Task requirements
Transcribe, leaving out every picture, the lines that run from the start of the listing below through the line with "走在队伍最前面的是120位身".

Material provided
# # # #
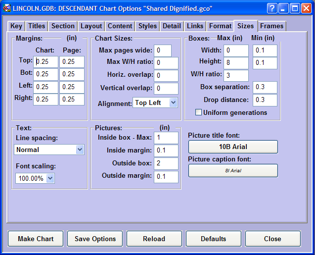 The Sizes page is an important tool for controlling the overall size of the chart. You will find that changing settings on this page can affect the size of your chart dramatically. Not only the size, but the aspect ratio can be altered. If your chart is too short and wide, you can make it taller and narrower.
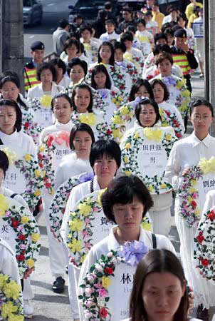 走在队伍最前面的是120位身穿白色衣服( 中国哀悼颜色)的人们,她们手举120名被害法轮功追随者的照片,据此团体称,他们都是在大陆中国警察拘押期间被折磨致死。
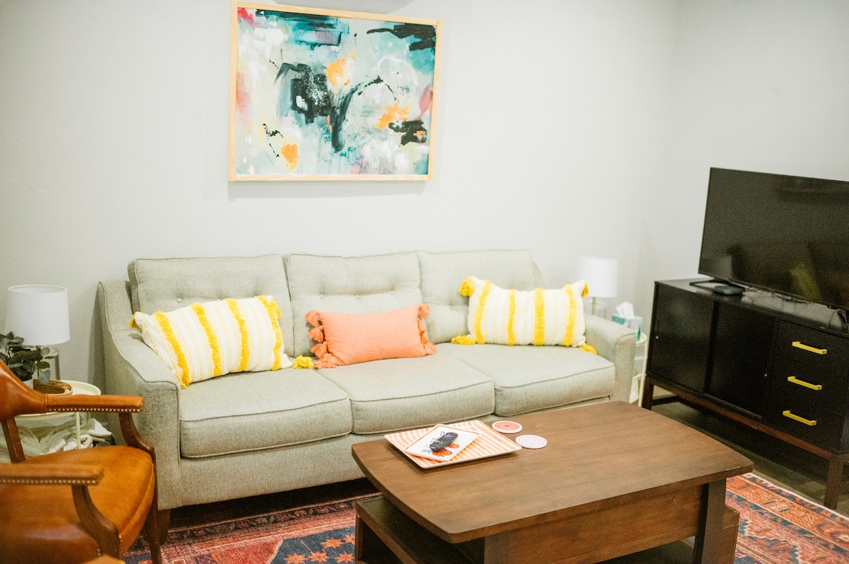 Ejja strieħ u ġedded għaż-żjara ta 'Stillwater tiegħek f' The Bungalow! Tinsab biss 4 minuti 'l bogħod mill-kampus tal-Istat ta' Oklahoma u 2 minuti 'l bogħod minn Downtown Stillwater. Gawdi s-sodda komda 'King' Stearns u Foster b 'lożor ta' lukandi lussużi. Irrilassa u idħol fis-servizzi ta 'streaming tiegħek fuq ir-Roku tagħna, b' aċċess għal wifi gig 1. Sajjar fil-kċina tagħna bi stil ta 'agrituriżmu mgħammra b' kollox, gawdi l-kafè ta 'filgħodu tiegħek fil-veranda l-ġdida tal-injam tal-cedar. Magna tal-ħasil u dryer sħiħa fuq il-post. Huwa l-pjaċir tagħna li nilqgħuk!
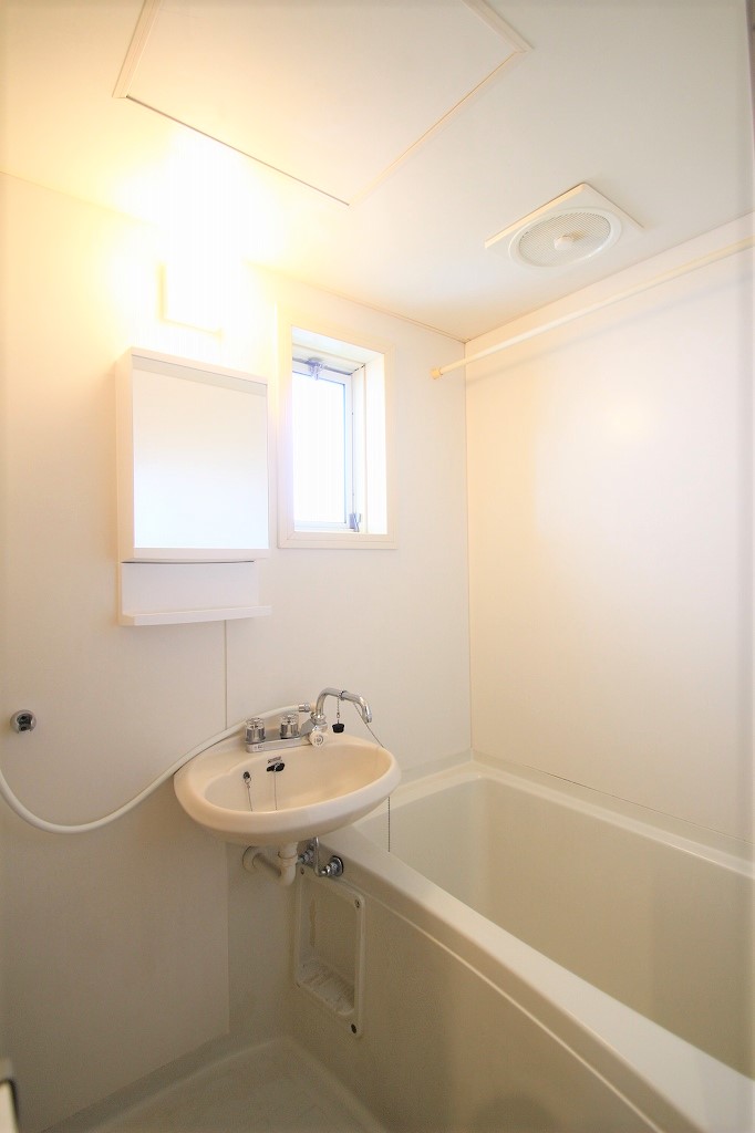 お風呂は洗面所とセットのタイプですが、歯ブラシなどの収納付きの収納部もあり、扱いやすそうですね
# # # #
Exercise response
 The Sizes page is an important tool for controlling the overall size of the chart. You will find that changing settings on this page can affect the size of your chart dramatically. Not only the size, but the aspect ratio can be altered. If your chart is too short and wide, you can make it taller and narrower.
 走在队伍最前面的是120位身穿白色衣服( 中国哀悼颜色)的人们,她们手举120名被害法轮功追随者的照片,据此团体称,他们都是在大陆中国警察拘押期间被折磨致死。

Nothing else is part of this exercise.